まとめ|「充電不足=故障」「補機バッテリー劣化」とは限らない
ヤリスクロス ハイブリッドに表示される「ハイブリッド充電不足」「EVモードに現在切りかえできません」という趣旨のメッセージは、EVドライブモードを使用するための駆動用電池残量が不足している場合に表示され得る、メーカーが想定している案内です。
駆動用電池は走行中に充放電を繰り返すため、週300km以上走っている車でも一時的に残量が低くなることはあり得ます。またEVドライブモードを使わなくても、通常のハイブリッド走行では車両がエンジンとモーターを自動制御するため、EVモードを積極的に使用する必要はありません。

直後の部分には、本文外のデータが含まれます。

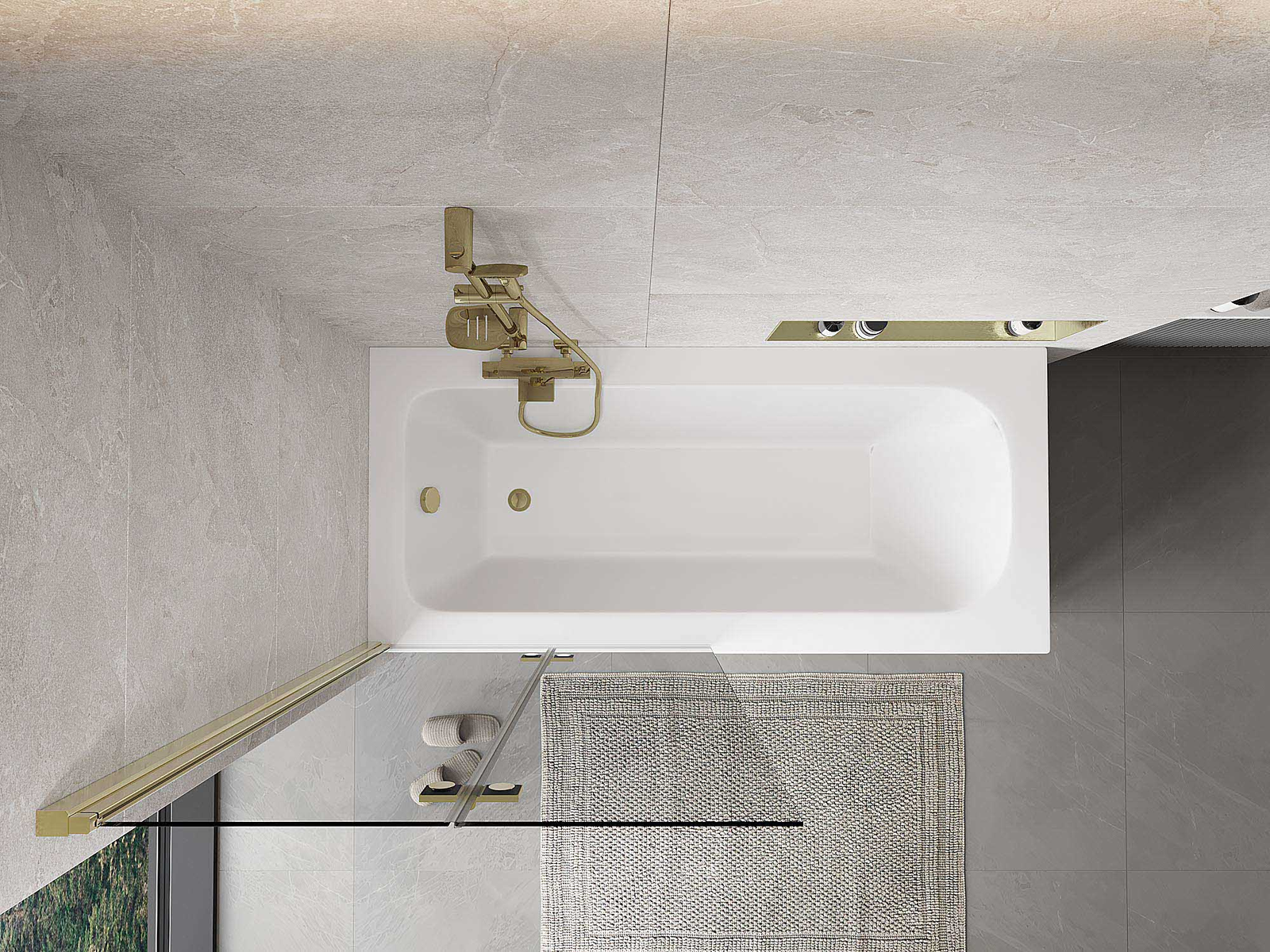 Scherm gemaakt van twee vleugels met de mogelijkheid om het op te vouwen. Deze oplossing bespaart meer ruimte in de badkamer en maakt het gemakkelijk om de overgebleven ruimte te gebruiken wanneer we de badzone niet gebruiken.

この表示の「充電不足」は基本的に駆動用電池の話であり、それだけで補機バッテリーが弱っていることを意味するものではありません。一度だけ表示され、ほかに警告灯や走行異常がなければ直ちに重大故障と判断する材料にはなりません。
ただし、EVモードスイッチを操作していないのに同じ表示が何度も現れる場合や、ハイブリッドシステム異常など別の警告が併発する場合、READYにならない場合、走行に異常を感じる場合には販売店で点検を受けるのが安全です。新車から半年程度なら、再発した表示を写真などに残し、発生状況と一緒に販売店へ伝えると原因を確認しやすくなります。